After sending you 30 consecutive winning trade alerts, it was just a matter of time before one of these bit you back. Notice that the higher prices go, the more often this will happen. Markets get dizzy, squirrely, and punch drunk at high altitude, no doubt from the shortage of oxygen in the form of fresh new cash flows. Let this be a shot across your bow, that we are entering dangerous, even uncharted territory.
Notice also that we lost money on an individual name while the main market continued to ascend. That is the double-edged sword of picking a single sector or company. A one off news event can send your prices spilling while everyone else is laughing all their way to the bank. This happened to me last year with Apple (AAPL). You get double the profit with individual option spreads, but with double the risk.
The best execution can be had by placing your bid for the entire spread in the middle market and waiting for the market to come to you. The difference between the bid and the offer on these deep in-the-money spread trades can be enormous. Don’t execute the legs individually or you will end up losing much of your profit.

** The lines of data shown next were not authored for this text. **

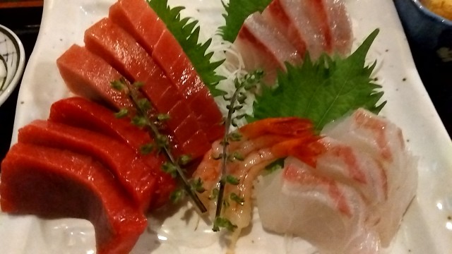 ①まぐろ・かんぱち・甘えび刺身お造り3点盛り+鯛刺身お造りサービス 990円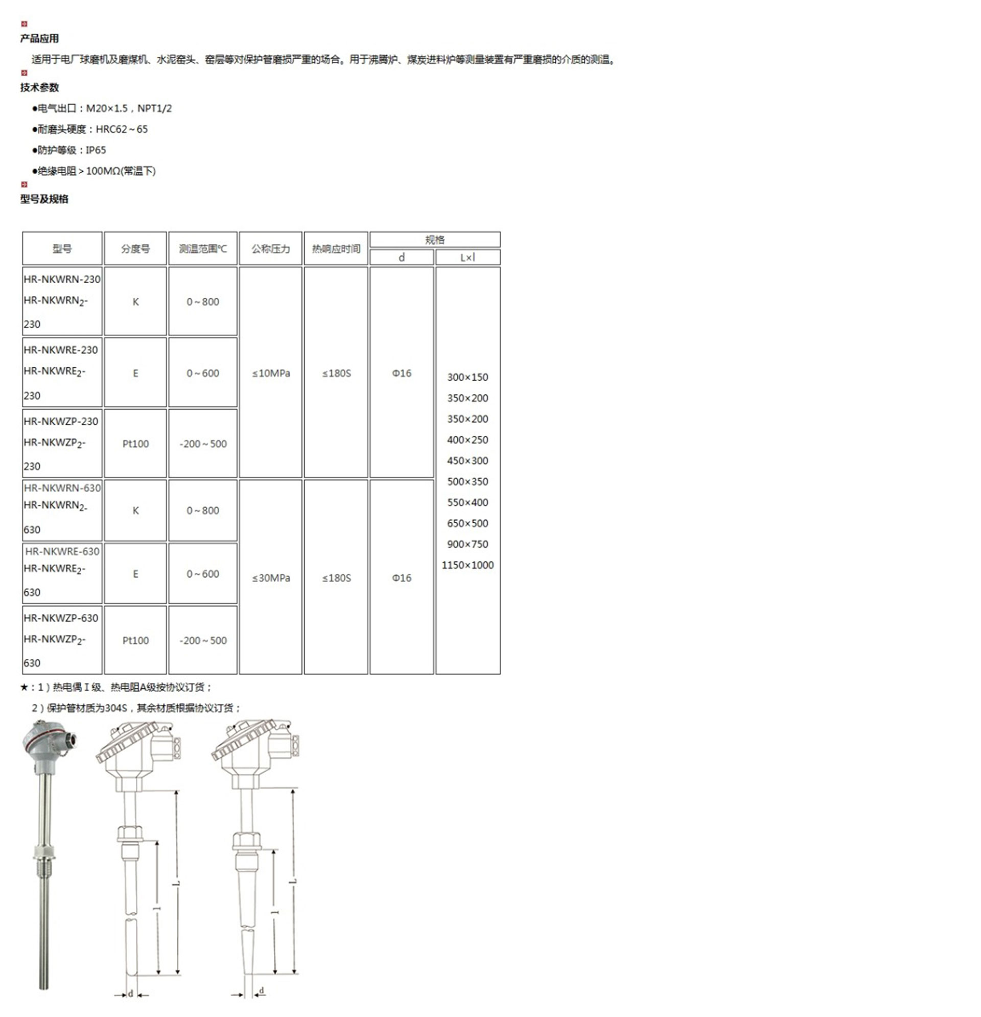 耐磨熱電偶(阻)采用等離子噴漆技術(shù)、高鉻鑄鐵和高溫合金不同材料制成的耐磨保護管,專(zhuān)門(mén)為高、中、低溫耐磨環(huán)境的測量場(chǎng)合設計制造的,可適用于循環(huán)流化床、沸騰爐、水泥回轉窯尾煙室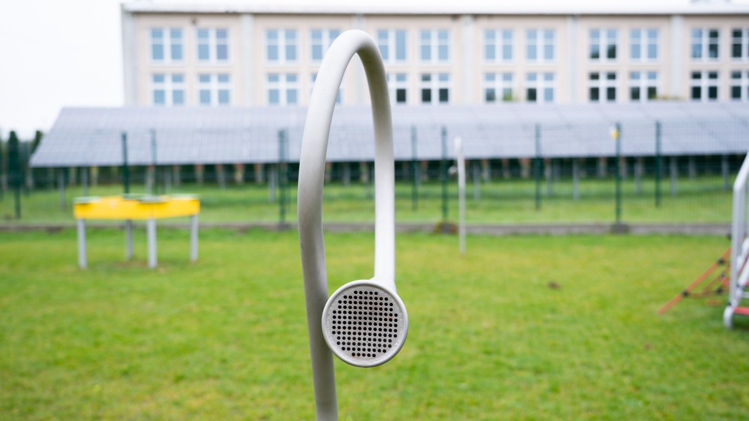 Urządzenie typu "głuchy telefon", które służy do rozmawiania. Dźwięk przesyłany jest za pomocą dwóch słuchawek w kształcie zakręconych trąbek, połączonych ze sobą podziemną rurką. Maksymalna odległość między słuchawkami wynosi 10 m. Konstrukcja wykonana jest ze stali nierdzewnej, odpornej na warunki atmosferyczne i intensywne użytkowanie. Urządzenie posiada certyfikat potwierdzający zgodność z normą PN-EN 1176-1+A1:2024-03 wydany przez jednostkę certyfikującą akredytowaną przez PCA lub równoważną jednostkę zagraniczną. Certyfikat musi być wydany w ramach akredytowanego programu certyfikacji, co potwierdza logotyp PCA lub równoważnej zagranicznej jednostki akredytującej, znajdujący się na certyfikacie. Certyfikat musi być ważny na dzień składania ofert. Do oferty powinien być załączony certyfikat oraz karta techniczna urządzenia. Przedstawiony rysunek produktu stanowi integralną część opisu – produkt musi być zgodny z przedstawionym wyglądem.

Keep in mind that these are ballpark prices only. Spread pricing can be very volatile on expiration months farther out.
Here are the specific trades you need to execute this position:
Sell 36 April, 2013 (UAL) $27 calls at………………………$3.20
Buy to cover Short 36 April, 2013 (UAL) $30 calls at.…….$0.85
Loss: $2.74 – $2.35 = -$0.39
(-$0.39 X 100 X 36) = -$1,404 – -1.40% for the notional $100,000 model portfolio.